Wednesday, March 10, 2004

TODAY'S TOP FIVE: A Grand Ayatollah of Truth condemning an Interim Constitution of Lies

We're Going to Alaska for the Winter - It's So Warm There Along with black box voting, sudden climate change is currently one of the things keeping me awake at night. The Senate has now voted to spend $60 million researching the possibility of sudden climate change, which some researchers say is possible due to global warming. I note with grim irony that Sen. Ted Stevens, R-Alaska, voted in favor of this program, saying that it is especially important for his home state: "He had previously expressed concern with climate warming problems in his home state such as melting permafrost, possible village relocations, receding Alaskan forests and submerged air strips." Hey Ted: If you're really so worried about it, don't vote against the McCain-Lieberman anti-global warming bill (which he did - the bill was defeated in October). Dick.

Good News, Perverts! Newsday reports: "A videotape of an underage girl exposing her breasts is not child pornography, a judge decided Tuesday in a criminal case against the producer of the Girls Gone Wild' video series." Sadly, the news story doesn't mention (or perhaps the judge himself didn't indicate) exactly what, for this jurist, an underage girl would have to expose to be classified as child pornography.

Hearst Would Be Proud A University of Maryland study of the American press during the run-up to war with Iraq has concluded that the press basically screwed the pooch, acting virtually as "stenographers" for the administration's bogus claims that Saddam had a billion nuclear weapons and had personally destroyed the World Trade Center using super powers. I'm sure the press will take this criticism to heart, and begin actually digging for the truth when confronted with the administration's next round of propaganda. I'm also sure that the Great Pumpkin is going to grant me three wishes this Halloween. I want a pony!

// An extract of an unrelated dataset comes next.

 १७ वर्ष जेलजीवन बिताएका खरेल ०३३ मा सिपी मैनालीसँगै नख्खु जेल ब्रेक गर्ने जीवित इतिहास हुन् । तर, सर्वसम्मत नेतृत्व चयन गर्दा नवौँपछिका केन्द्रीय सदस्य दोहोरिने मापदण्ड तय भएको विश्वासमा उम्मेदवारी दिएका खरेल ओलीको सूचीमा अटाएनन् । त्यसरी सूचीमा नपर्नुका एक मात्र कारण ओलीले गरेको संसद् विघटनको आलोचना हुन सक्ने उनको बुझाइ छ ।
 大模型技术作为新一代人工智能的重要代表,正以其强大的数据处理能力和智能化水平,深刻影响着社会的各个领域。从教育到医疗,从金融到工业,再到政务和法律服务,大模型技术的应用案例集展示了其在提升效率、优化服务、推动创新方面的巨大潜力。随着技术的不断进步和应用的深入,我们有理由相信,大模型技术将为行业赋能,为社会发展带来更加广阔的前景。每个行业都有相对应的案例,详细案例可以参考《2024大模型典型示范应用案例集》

Republican Weasels: Do As We Say, Not as We Do Progressive political groups are engaging in an unprecedented team-up effort to get rid of George Bush, spending millions on ads highlighting how bad his record is (the groups so far say they have about $70 million in pledges for the campaign; so much for the invincible Republican war chest). This is a tactic that Republicans and their sinister allies have been using for years (remember those assholes Harry and Louise?), but now that the Dems have learned how to do it, the Republicans have responded predictably: "On Tuesday night, Mr. Bush's campaign lawyers said they had filed a complaint with the Federal Election Commission saying some of these commercials are illegal because they effectively oppose Mr. Bush, and were paid for with unlimited or 'soft money' donations, which they say is a violation of campaign finance laws." Pussies.

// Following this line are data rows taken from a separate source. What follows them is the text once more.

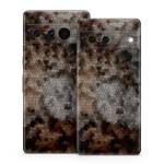 iStyles Google Pixel 7 Series Skin design of Brown, Design, Soil, Pattern, Rock, Rust, Granite, Metal, with black, white, gray, brown colors, and tagged with patterns.
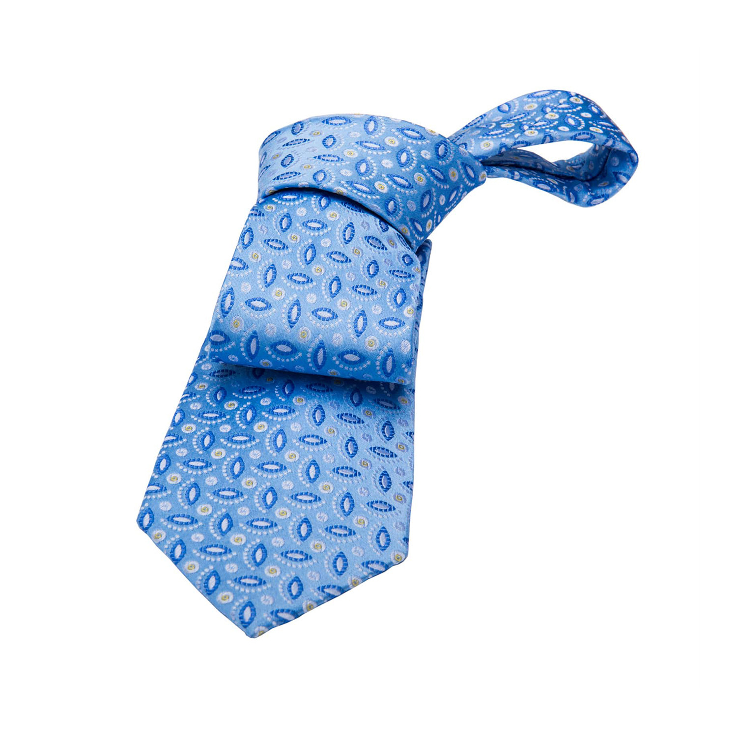 The Becket Paisley is part of The Dark Knot's premium line of ultra high yarn count luxury silk ties. It features gray ovals outlined by a deep blue hue and Gray dots, set against a baby blue background. Pair this stunning silk tie with a solid, striped, or micro checkered light pink or white shirt and a solid, striped, or plaid charcoal gray, navy or brown suit. Alternatively, this can be worn with a blue or brown blazer on a fun night out.
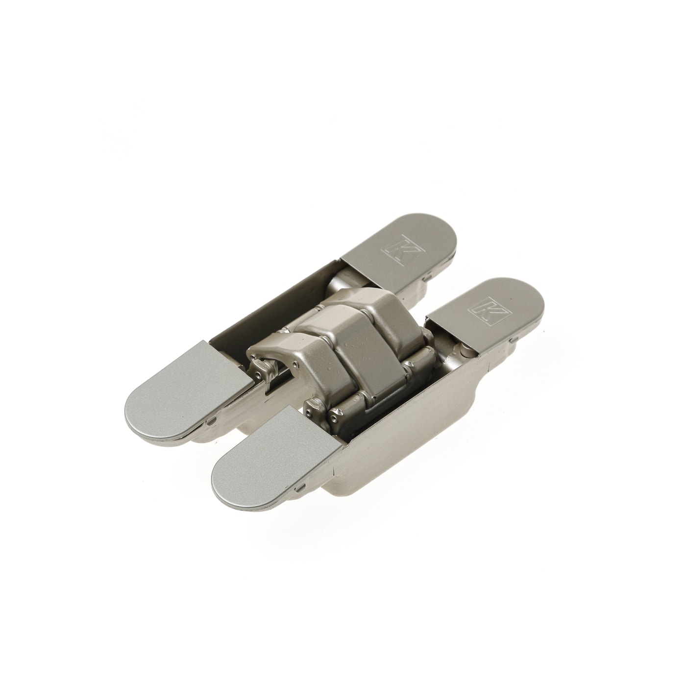 Een verborgen scharnier van zeer bestendig staal voor verzonken deuren met houten, stalen en aluminium kozijnen. Draagvermogen tot 80 kg, 180 ° openingshoek met een minimale deurdikte van 40 mm. Slijtvaste bussen, smering / onderhoud niet nodig, omkeerbaar voor rechts- en linkse deuren RH / LH.3D-verstelbaar, alle aanpassingen zijn onafhankelijk, gereedschapsgestuurd en zelfladend. Aanpassingen: horizontaal + 3,0 / -2,0 mm, verticaal +/- 3,0 mm, diepte +/- 1,0 mm.

Unintentionally Providing Me With Hours of Amusement Check it out: On George W. Bush's campaign web site, you can make your own customized Bush/Cheney poster! Apparently, someone has thought to block some of the more obvious choices, because while I was easily able to make a "Bush/Cheney: We Fear Consider Arms" poster, I was unable to make either "Experts Agree: Bush Huffs Mad Dong" or "We're A Couple of Murderous Cocksuckers." Go nuts, kids.